A binary search tree (BST) is recursively defined as a binary tree which has the following properties:
- The left subtree of a node contains only nodes with keys less than the node's key.
- The right subtree of a node contains only nodes with keys greater than or equal to the node's key.
- Both the left and right subtrees must also be binary search trees.
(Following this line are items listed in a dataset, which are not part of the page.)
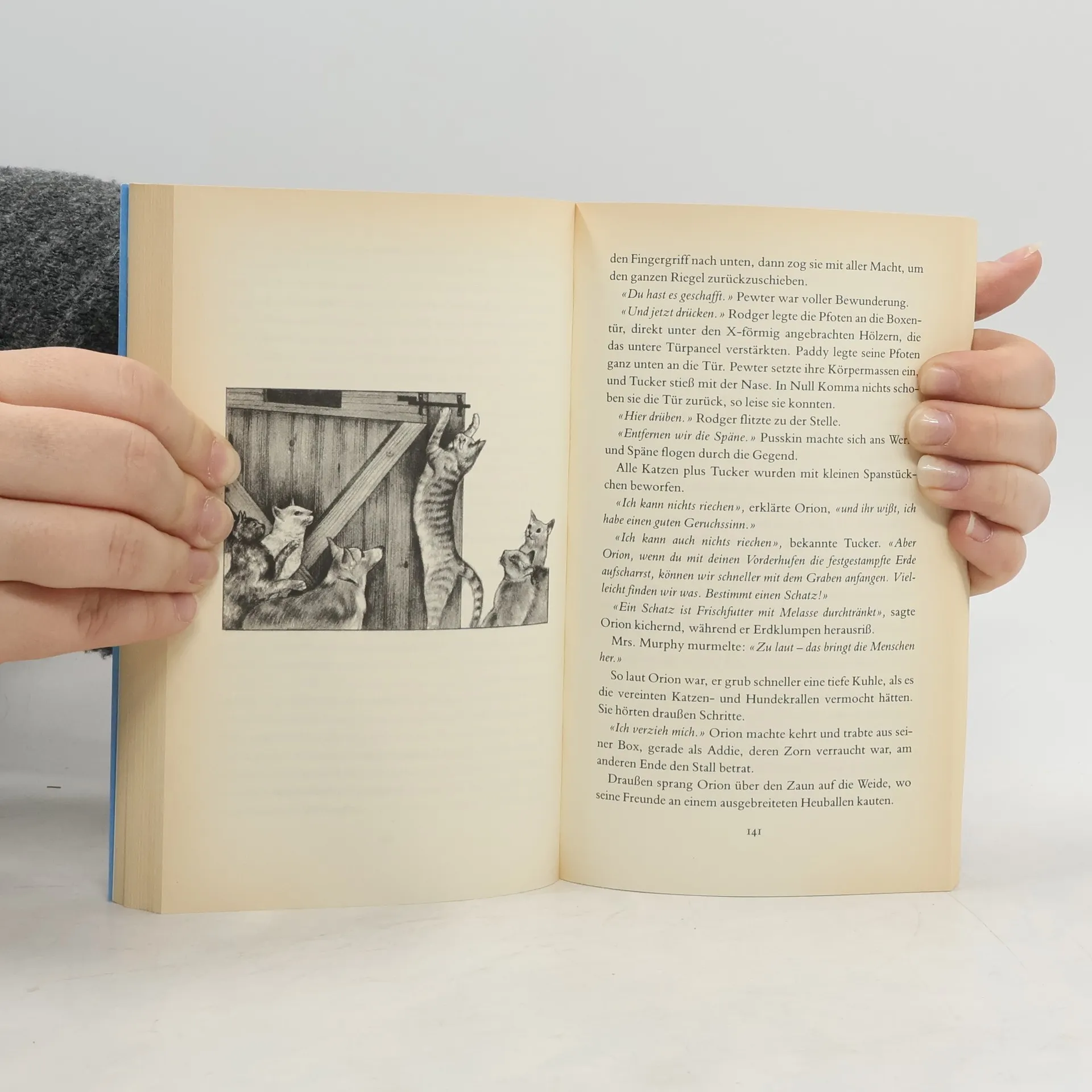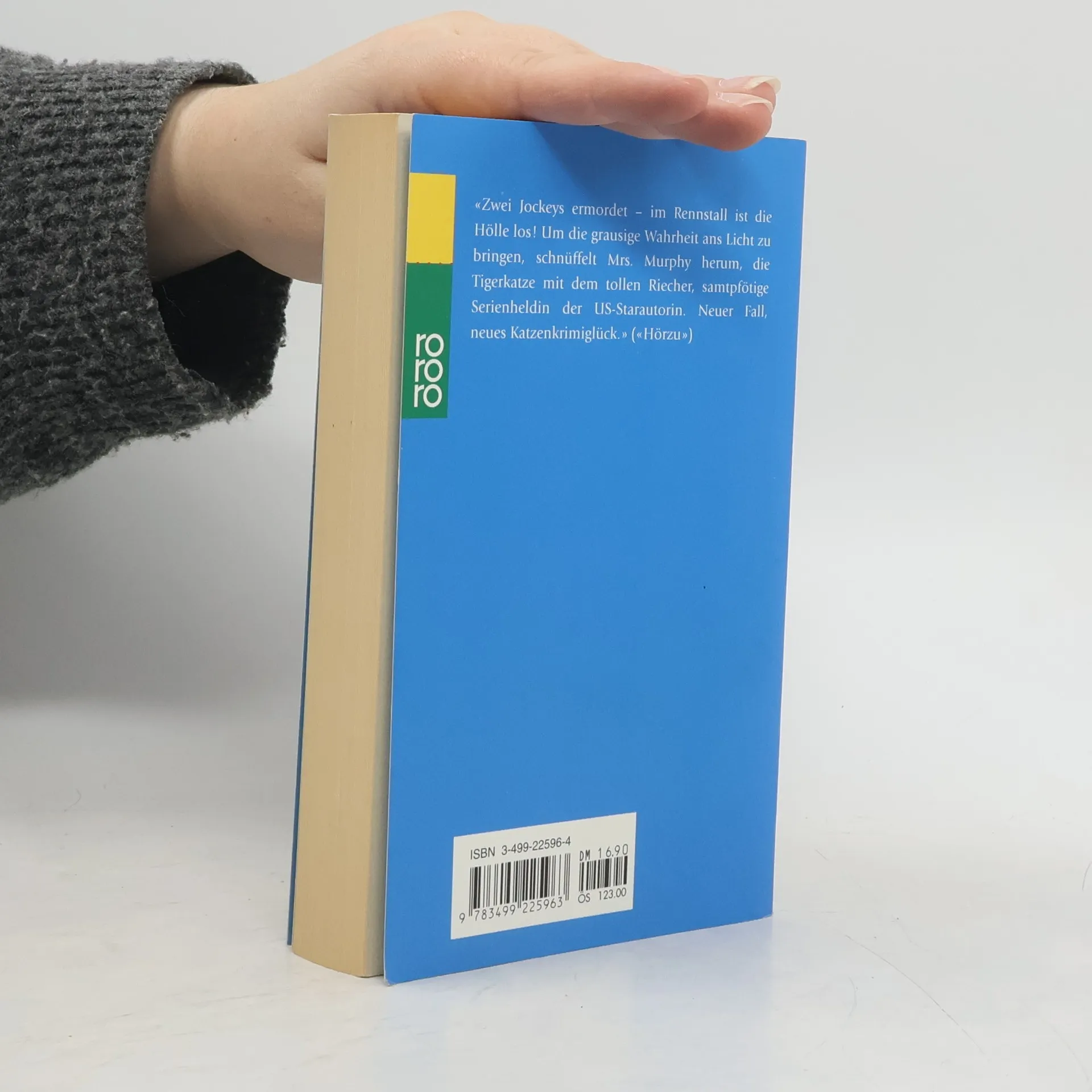 'Zwei Jockeys ermordet im Rennstall ist die Hölle los! Um die grausige Wahrheit ans Licht zu bringen, schnüffelt Mrs. Murphy herum, die Tigerkatze mit dem tollen Riecher, samtpfötige Serienheldin der US-Starautorin. Neuer Fall, neues Katzenkrimiglück.' (Hörzu)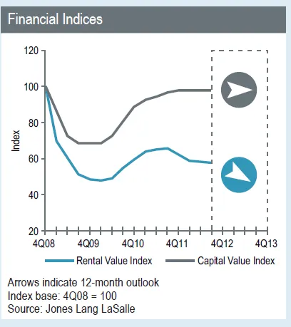 According to Jones Lang LaSalle, demand remained muted, with activity dominated by renewals and relocations but with limited expansions in 3Q12. New demand continued to be thin under the current market conditions, although positive net absorption was recorded during the quarter due to relocation demand.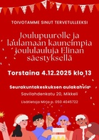 Torstaina 4.12. klo 13 - 15 Mikkelin alueen kaikki kerhot (AVH-kerho, Tarinakammari, Työikäiset ja Äijäkerho) kokoontuvat yhteisen puurokattilan ääreen seurakuntakeskuksen aulakahvioon os. Savilahdenkatu 20, Mikkeli. Ohjelmassa on joululaulujen laulamista Elina Kellmanin säestyksellä, joulupuuro ja kahvi nisun kera sekä tietenkin arpajaiset.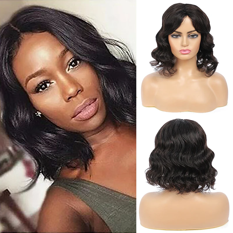 Короткие парики с челкой естественного цвета, бразильские прямые че...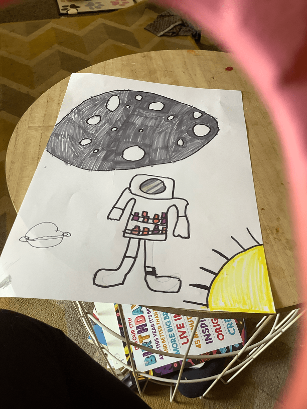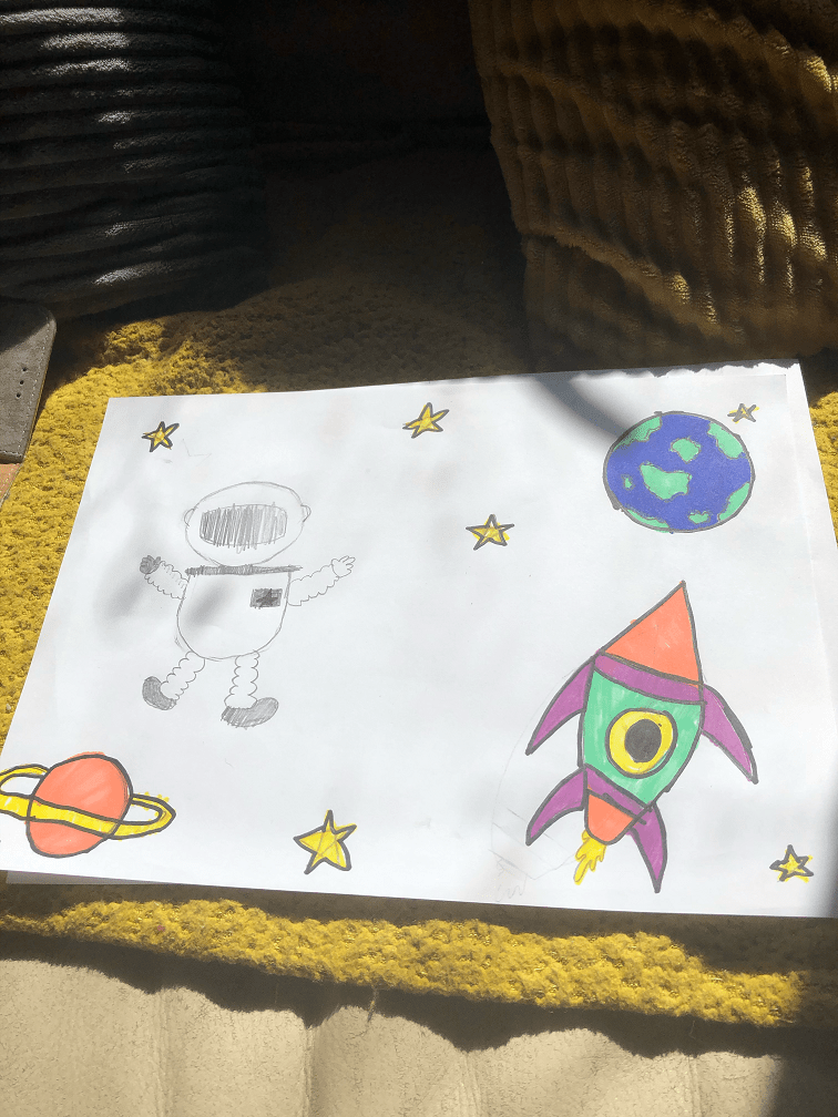 Today we were looking at how to draw an astronaut. What fantastic art P4/5 pupils have produced! Rio chose to use his Chromebook for this task and he also coloured in a picture for his granny. A kind, lovely gesture and full of meaning! Can you guess what picture it is? Kaci kept her fantastic drawing realistic, with a black and white astronaut, and colour on other elements. Khalea’s lovely drawing incorporated three different types of celestial bodies: a planet, a star (the sun) and an asteroid (made of rock). Very educational!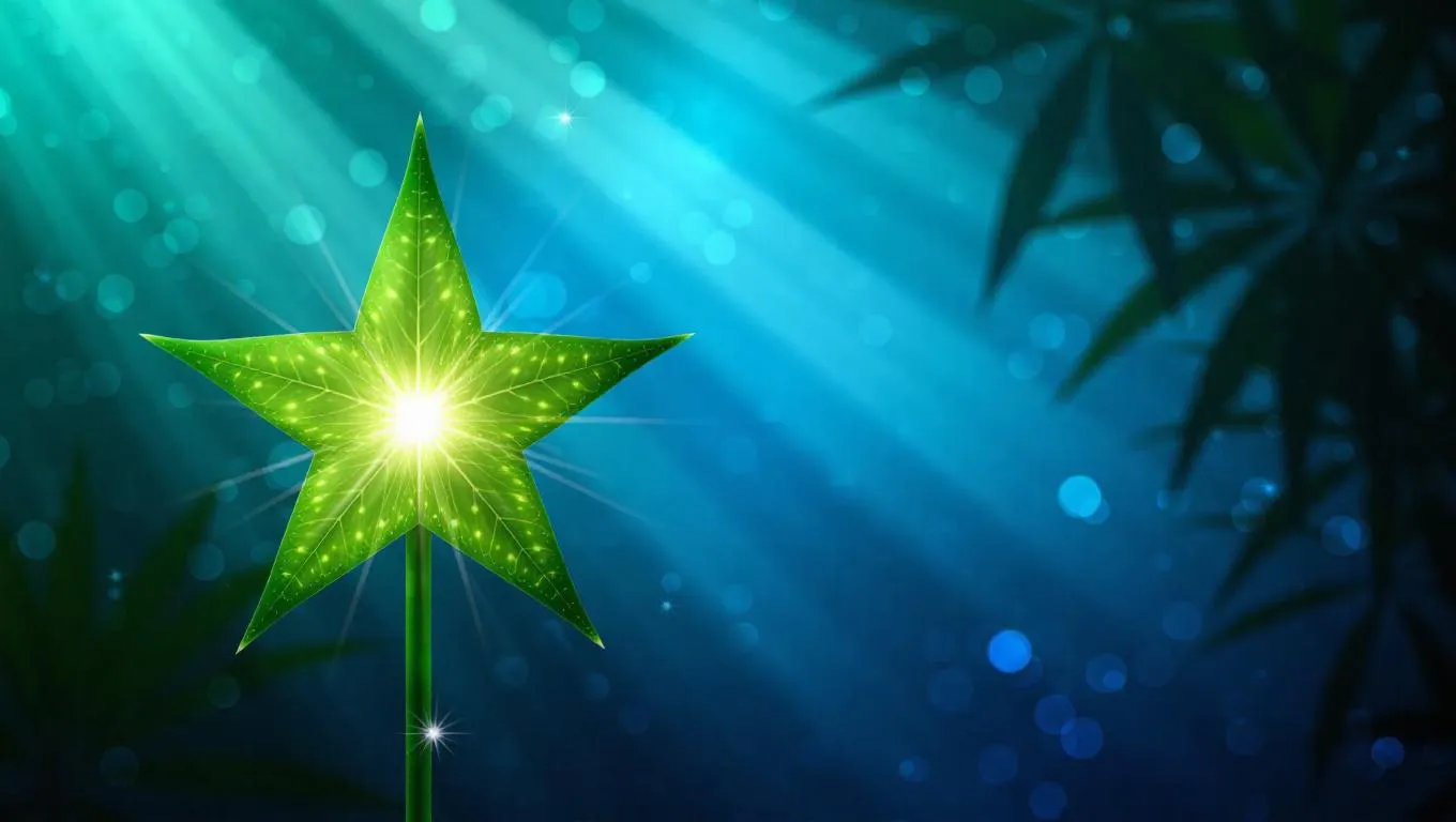 Spear with starfruit blade, radiant radial glow, ethereal landscape background, luminescent details, mystical ambiance

Given any two nodes in a BST, you are supposed to find their LCA.
Input Specification:
Each input file contains one test case. For each case, the first line gives two positive integers: M (≤1,000), the number of pairs of nodes to be tested; and N (≤ 10,000), the number of keys in the BST, respectively. In the second line, N distinct integers are given as the preorder traversal sequence of the BST. Then M lines follow, each contains a pair of integer keys U and V. All the keys are in the range of int.
Output Specification:
For each given pair of U and V, print in a line LCA of U and V is A.
if the LCA is found and A
is the key. But if A
is one of U and V, print X is an ancestor of Y.
where X
is A
and Y
is the other node. If U or V is not found in the BST, print in a line ERROR: U is not found.
or ERROR: V is not found.
or ERROR: U and V are not found.
.
Sample Input:
6 8
6 3 1 2 5 4 8 7
2 5
8 7
1 9
12 -3
0 8
99 99
Sample Output:
LCA of 2 and 5 is 3.
8 is an ancestor of 7.
ERROR: 9 is not found.
ERROR: 12 and -3 are not found.
ERROR: 0 is not found.
ERROR: 99 and 99 are not found.
题意:
给你一棵二叉排序树的先序序列,求每次询问的LCA(最近公共祖先)
思路:
题目已知是一棵二叉排序树,其实将每个结点排序后得出的即是中序遍历,即已知中序和前序,建树,然后求LCA
#include<iostream>
#include<algorithm>
using namespace std;
const int maxn=10005;
int m,n;
struct node
{
int data;
node *lchild,*rchild;
};
bool cmp(int a,int b)
{
return a<b;
}
int pre[maxn];
int in[maxn];
node *build(int prel,int prer,int inl,int inr)
{
if(inl>inr)
return NULL;
int p1,p2;
node *root=new node;
root->data=pre[prel];
p1=inl;
while(in[p1]!=pre[prel])
p1++;//p1是根的位置
p2=p1-inl;
root->lchild=build(prel+1,prel+p2,inl,p1-1);
root->rchild=build(prel+p2+1,prer,p1+1,inr);
return root;
}
node *lca(node *root,int u,int v)
{
if(root==NULL)
return NULL;
if(root->data==u||root->data==v)
return root;
node *left=lca(root->lchild,u,v);
node *right=lca(root->rchild,u,v);
if(left&&right)
return root;
return left==NULL?right:left;
}
bool find(int u)//找是否存在于序列中
{
for(int i=0;i<n;i++)
{
if(u==pre[i])
return true;
}
return false;
}
int main()
{
scanf("%d%d",&m,&n);
for(int i=0;i<n;i++)
{
scanf("%d",&pre[i]);
in[i]=pre[i];
}
sort(in,in+n,cmp);
//这样就得到了层次遍历和前序遍历
node *root=build(0,n-1,0,n-1);
while(m--)
{
int u,v;
scanf("%d%d",&u,&v);
if(find(u)==false&&find(v)==false)
printf("ERROR: %d and %d are not found.\n",u,v);
else if(find(u)==false||find(v)==false)
printf("ERROR: %d is not found.\n",find(u)==false?u:v);
else
{
node *ans=lca(root,u,v);
if(ans->data==u||ans->data==v)
printf("%d is an ancestor of %d.\n",ans->data==u?u:v,ans->data==u?v:u);
else
printf("LCA of %d and %d is %d.\n",u,v,ans->data);
}
}
}